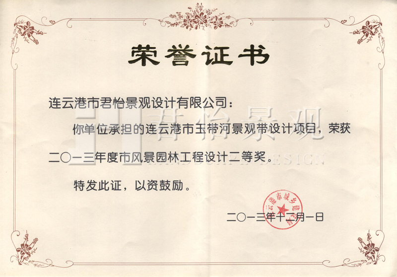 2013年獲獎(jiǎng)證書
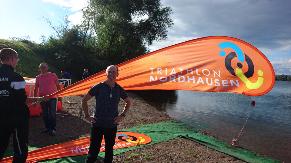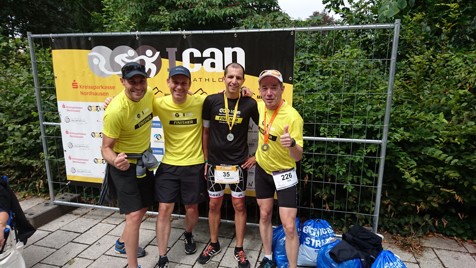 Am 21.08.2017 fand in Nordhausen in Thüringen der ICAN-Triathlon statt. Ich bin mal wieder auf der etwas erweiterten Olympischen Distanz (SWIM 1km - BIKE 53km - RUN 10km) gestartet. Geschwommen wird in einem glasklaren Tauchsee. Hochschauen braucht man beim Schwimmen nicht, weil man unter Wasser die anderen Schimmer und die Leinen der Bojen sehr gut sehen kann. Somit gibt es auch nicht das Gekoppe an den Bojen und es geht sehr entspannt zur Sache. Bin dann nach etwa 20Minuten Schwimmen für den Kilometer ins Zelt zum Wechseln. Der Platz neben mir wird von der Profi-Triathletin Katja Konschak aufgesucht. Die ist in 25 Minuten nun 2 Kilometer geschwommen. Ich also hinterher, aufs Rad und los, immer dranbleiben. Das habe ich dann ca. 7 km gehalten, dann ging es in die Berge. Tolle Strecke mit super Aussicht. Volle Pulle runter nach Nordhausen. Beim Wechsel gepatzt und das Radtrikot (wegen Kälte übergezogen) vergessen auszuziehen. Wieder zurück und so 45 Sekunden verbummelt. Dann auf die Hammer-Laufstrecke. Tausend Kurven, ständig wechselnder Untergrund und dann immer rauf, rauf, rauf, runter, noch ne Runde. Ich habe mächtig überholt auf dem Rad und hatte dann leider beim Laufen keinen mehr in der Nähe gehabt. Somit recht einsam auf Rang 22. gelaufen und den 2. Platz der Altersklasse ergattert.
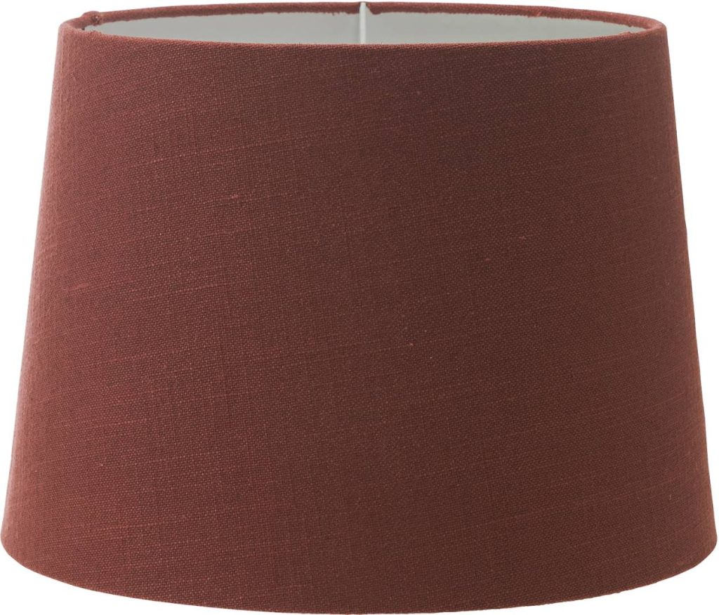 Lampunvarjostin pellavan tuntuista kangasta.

········

*What you need to do*
The lines to copy run from the one with "Am 21.08.2017 fand" through the end of the material. Write them out exactly, leaving out the pictures.

*Result of the exercise*
 Am 21.08.2017 fand in Nordhausen in Thüringen der ICAN-Triathlon statt. Ich bin mal wieder auf der etwas erweiterten Olympischen Distanz (SWIM 1km - BIKE 53km - RUN 10km) gestartet. Geschwommen wird in einem glasklaren Tauchsee. Hochschauen braucht man beim Schwimmen nicht, weil man unter Wasser die anderen Schimmer und die Leinen der Bojen sehr gut sehen kann. Somit gibt es auch nicht das Gekoppe an den Bojen und es geht sehr entspannt zur Sache. Bin dann nach etwa 20Minuten Schwimmen für den Kilometer ins Zelt zum Wechseln. Der Platz neben mir wird von der Profi-Triathletin Katja Konschak aufgesucht. Die ist in 25 Minuten nun 2 Kilometer geschwommen. Ich also hinterher, aufs Rad und los, immer dranbleiben. Das habe ich dann ca. 7 km gehalten, dann ging es in die Berge. Tolle Strecke mit super Aussicht. Volle Pulle runter nach Nordhausen. Beim Wechsel gepatzt und das Radtrikot (wegen Kälte übergezogen) vergessen auszuziehen. Wieder zurück und so 45 Sekunden verbummelt. Dann auf die Hammer-Laufstrecke. Tausend Kurven, ständig wechselnder Untergrund und dann immer rauf, rauf, rauf, runter, noch ne Runde. Ich habe mächtig überholt auf dem Rad und hatte dann leider beim Laufen keinen mehr in der Nähe gehabt. Somit recht einsam auf Rang 22. gelaufen und den 2. Platz der Altersklasse ergattert.
 Lampunvarjostin pellavan tuntuista kangasta.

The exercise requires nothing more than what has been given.